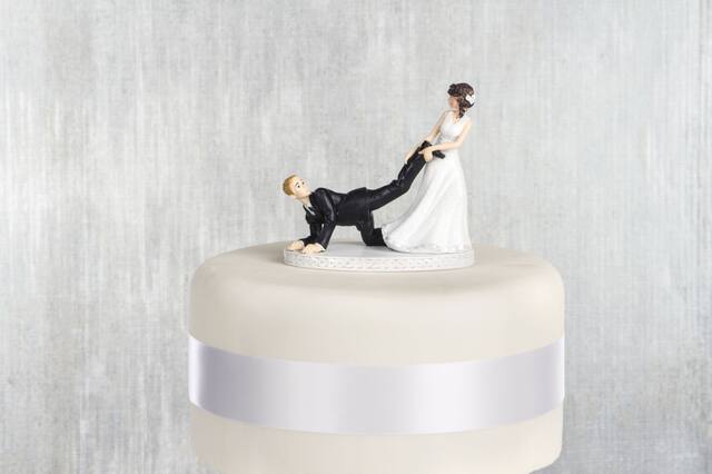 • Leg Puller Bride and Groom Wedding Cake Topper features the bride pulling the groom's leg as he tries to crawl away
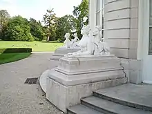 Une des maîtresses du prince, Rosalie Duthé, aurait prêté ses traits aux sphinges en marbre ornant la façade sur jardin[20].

========

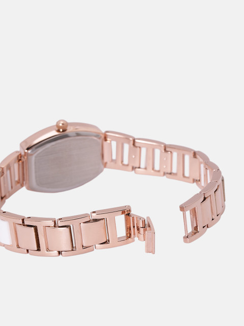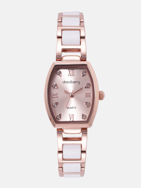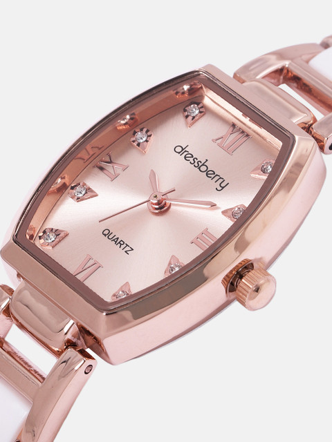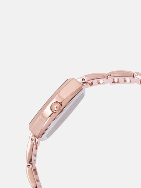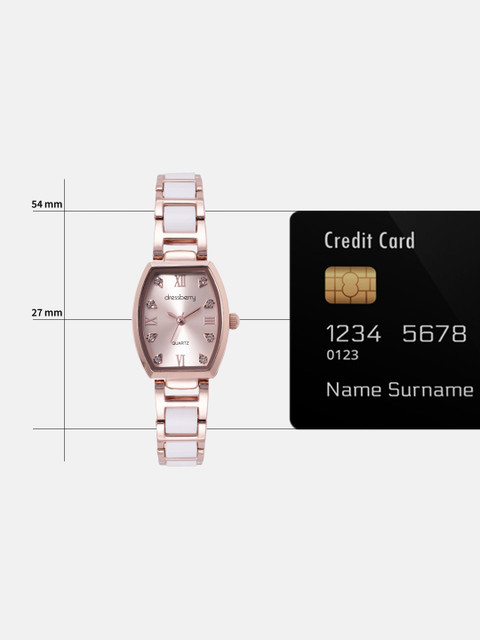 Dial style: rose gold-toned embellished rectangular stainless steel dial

========

▶ _Directions_:
In the entries above, every line from the line with "to crawl away" to the line with "Une des maîtresses" is to be printed exactly, with both ends included and pictures excluded.

▶ _Solution to this task_:
 • Leg Puller Bride and Groom Wedding Cake Topper features the bride pulling the groom's leg as he tries to crawl away
 Une des maîtresses du prince, Rosalie Duthé, aurait prêté ses traits aux sphinges en marbre ornant la façade sur jardin[20].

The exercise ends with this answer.